Reported questions are consistently among the highest-error structures in learner corpora. The core difficulty is that English learners must abandon question word order — inverted subject and auxiliary — and replace it with normal declarative order. For yes/no questions, 'if' or 'whether' introduces the reported clause: 'Are you ready?' → 'She asked if I was ready.' For wh-questions, the question word is kept but the auxiliary 'do/does/did' is dropped and the subject precedes the verb: 'Where do you live?' → 'She asked where I lived.' Tense backshift applies in both cases, and the sentence ends with a full stop rather than a question mark. The verb 'asked' is most common, but 'wondered', 'wanted to know', and 'enquired' also introduce reported questions.

✗ She asked where did I live. → ✓ She asked where I lived.
"Are you coming?" → He asked if I was coming.
"What is your name?" → She asked me what my name was.
"How long have you been waiting?" → He asked how long I had been waiting.

Frequently Asked Questions

What tenses change in reported speech?

Every tense shifts one step back in time: present simple becomes past simple ('I am tired' → 'she said she was tired'), present continuous becomes past continuous, present perfect becomes past perfect, and will becomes would. Past perfect does not change — it is already as far back as possible. Modals also shift: can → could, may → might, must → had to, shall → would. Modals that are already past (could, would, might, should) remain unchanged.

What is the difference between say and tell in reported speech?

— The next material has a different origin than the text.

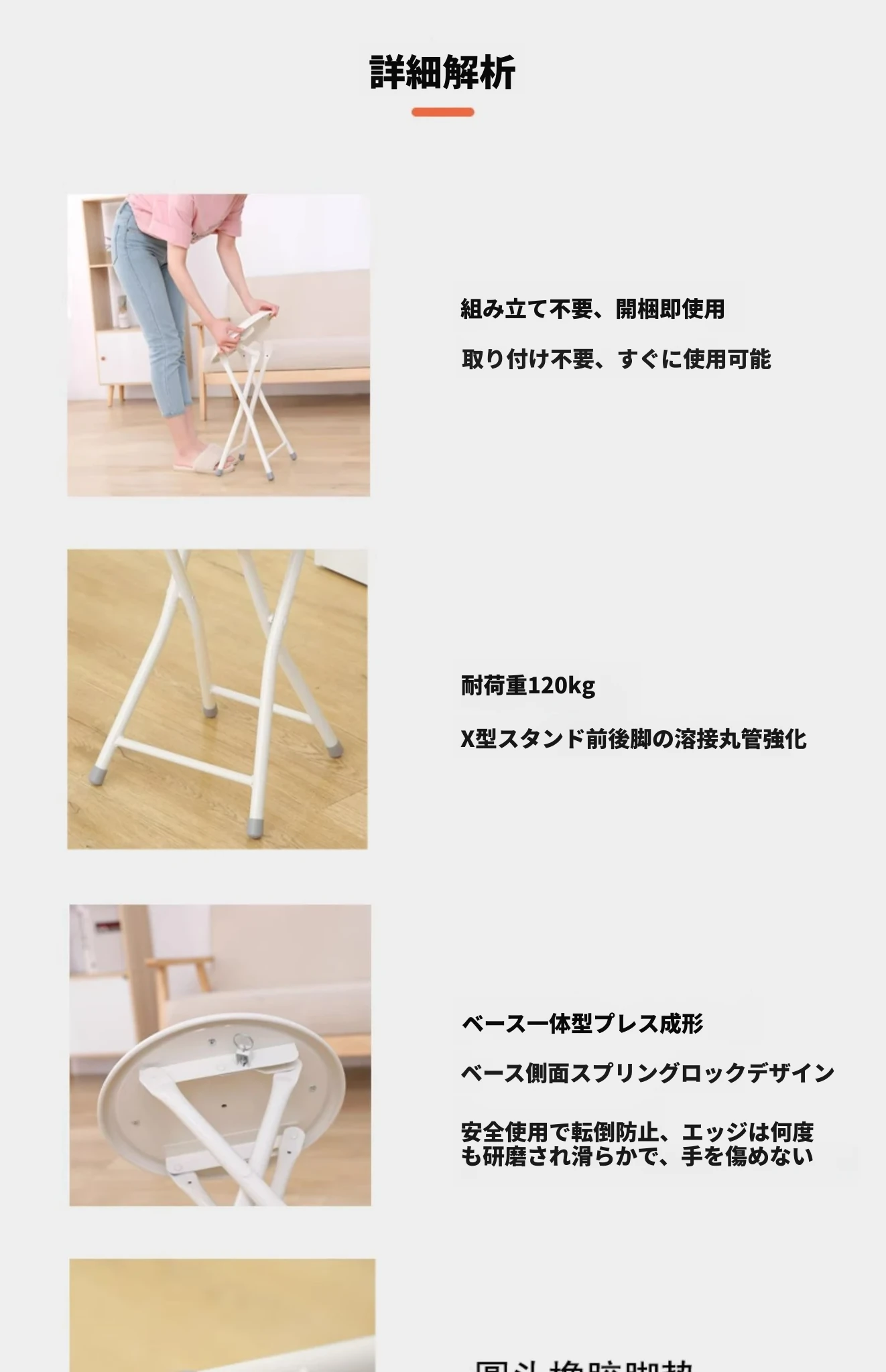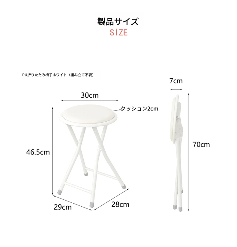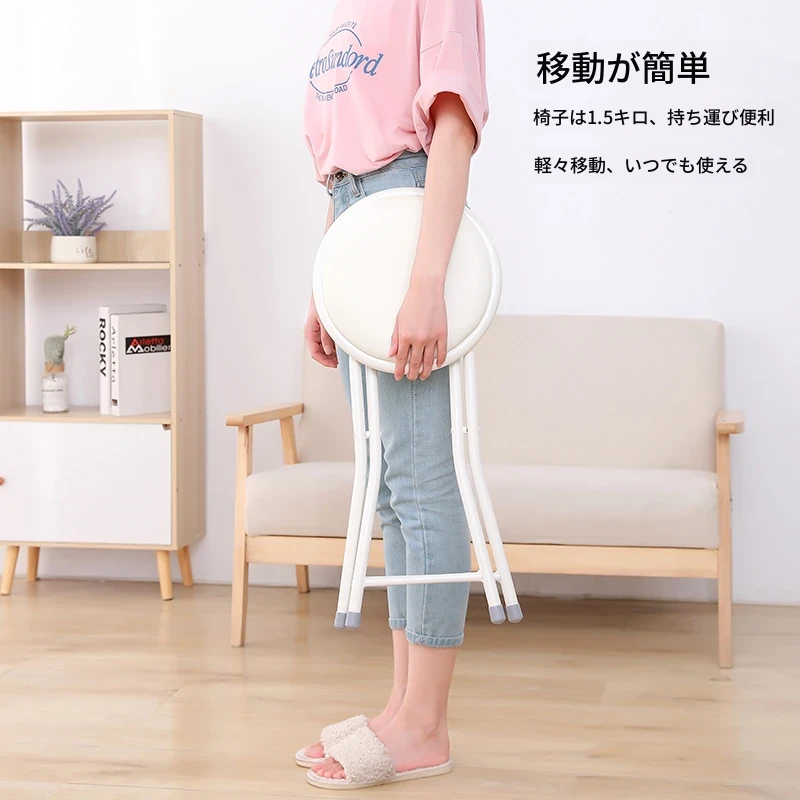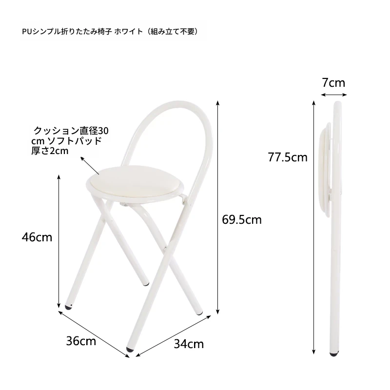 YSF簡易折りたたみ椅子|シンプルな白色の円形デザイン|レストランや仕事、会議に最適な臨時用椅子|コンパクトで持ち運び便利!

'Tell' always requires a direct person object: 'told me', 'told her', 'told them'. You cannot say 'he told that' — it must be 'he told me that'. 'Say' does not take a direct person object: 'he said that'. If you add a person with 'say', use 'to': 'he said to me that'. Additionally, 'tell' is required in fixed expressions: tell the truth, tell a lie, tell a story, tell the time. For fixed expressions with greetings — say hello, say goodbye, say sorry — 'say' is always used.

How do reported questions work?

Reported questions do not use question word order or auxiliaries like do/does/did. They follow normal statement word order with tense backshift. For yes/no questions, introduce the reported question with 'if' or 'whether': 'Are you coming?' → 'She asked if I was coming.' For wh-questions, keep the question word and use normal order: 'Where do you live?' → 'She asked where I lived.' No question mark is used in reported questions.

Which time and place words change in reported speech?

Time and place words shift to reflect the new perspective. Today → that day, tomorrow → the next day / the following day, yesterday → the day before / the previous day, now → then, here → there, ago → before, this → that, these → those, last week → the week before, next month → the following month. Not every sentence requires these changes — if you are reporting something immediately or if the context has not changed, some shifts may be unnecessary.